Brazil has a vast territory and diverse climatic and soil characteristics.
For this reason, Brazil is considered one of the world’s greatest agricultural powers, as hardly any food not adapts to the country’s great geographical diversity.
So why shouldn’t Brazil’s geography be suitable for wine production?
Viticulture is still very young in the country but has provided incredible surprises in the market for this beverage.
To learn more about wine production in Brazil, you should familiarize yourself with the grape varieties adapted to the terroirs.
RIESLING AND MERLOT: THE FIRST GRAPE VARIETIES
The first grape varieties in Brazil were the traditional Riesling and Merlot, which adapted easily to the country’s still little explored terroir.
They were responsible for producing varietal wines for much of the 20th century, but in a simple way and with little investment in quality.

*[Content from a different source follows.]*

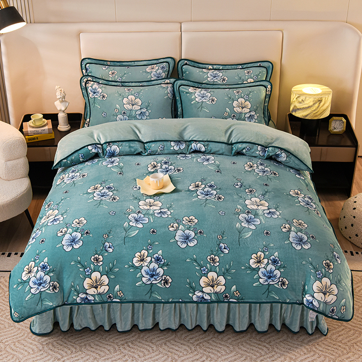 商品名称:馨梦缘 2025直播爆款8.5斤牛奶绒四件套加厚保暖床裙金貂绒 春晓

Today, Merlot is a grape variety representing the country’s only region that has obtained the classification of Denomination of Origin (DOC).
Vale dos Vinhedos is home to Merlot, which has adapted well to the terroir, allowing the production of elegant red wines with the rigor and characteristics of the French style.
SYRAH: THE GRAPE VARIETY OF THE NORTHEAST
The arrival of Syrah in Brazil allowed the exploration of a terroir always ignored by wine producers: the Northeast.
Due to high temperatures, low rainfall, and intense sunlight, the region seemed unsuitable for viticulture.
However, Syrah is a grape variety that likes exactly these characteristics – lots of sun and heat.
The terroir characteristics of the Northeast allowed the variety to produce high-quality wines in the region, which became the country’s home of this grape variety.
In addition, Moscato and Chenin Blanc have also adapted to the extreme climate there.
TANNAT AND CABERNET SAUVIGNON: GOOD RESULTS IN THE SOUTH OF THE COUNTRY
The south of the country is a region known for its wine production.
Its terroir is similar to other wine-producing countries and has always been more attractive to those wanting to grow wines here.
For example, the Tannat, the symbol of Uruguayan wine production, also produces good wines on the border between Brazil and Uruguay.
There, winters are long, and summers are hot, characteristics that this variety loves.
The difference is that the Brazilian tannates are more delicate and contain fewer tannins than the Uruguayan ones.
Cabernet Sauvignon, on the other hand, develops better in the extreme south of Rio Grande do Sul (Serra and Campanha Gaúcha), as it requires drier summers and little rain.
Grape varieties such as Cabernet Franc, Touriga Nacional, and Alvarinho have also adapted to some regions.
PRODUCTION OF PRESTIGIOUS SPARKLING WINES IN THE SOUTH
If a wine production in Brazil is already awarded and admired in different parts of the world, it is the production of sparkling wines.
The different microclimates in the country’s south have allowed white grapes, which thrive at lower temperatures, to find very productive soils to develop new flavors.
This is why grapes such as Chardonnay, Pinot Noir, and Sauvignon Blanc develop so well in the Rio Grande do Sul terroir.
On the border of this state with Santa Catarina, the cultivation of these grape varieties is also responsible for excellent varieties.
Specifically, in the Farroupilha region, Brazil has one of its most admired vineyards in the world: the Moscato grape.
This variety has grown in the region for more than 100 years and is responsible for producing several award-winning labels.
Even knowing the grapes grown in Brazil and their best terroirs, it is important to remember that the above information does not represent immutable rules for beverage production in Brazil.
There will always be exceptions to these rules in a country with such a young wine industry and wide varieties of new terroirs.
And that is why winemaking in Brazil is a pleasant challenge for many wine experts.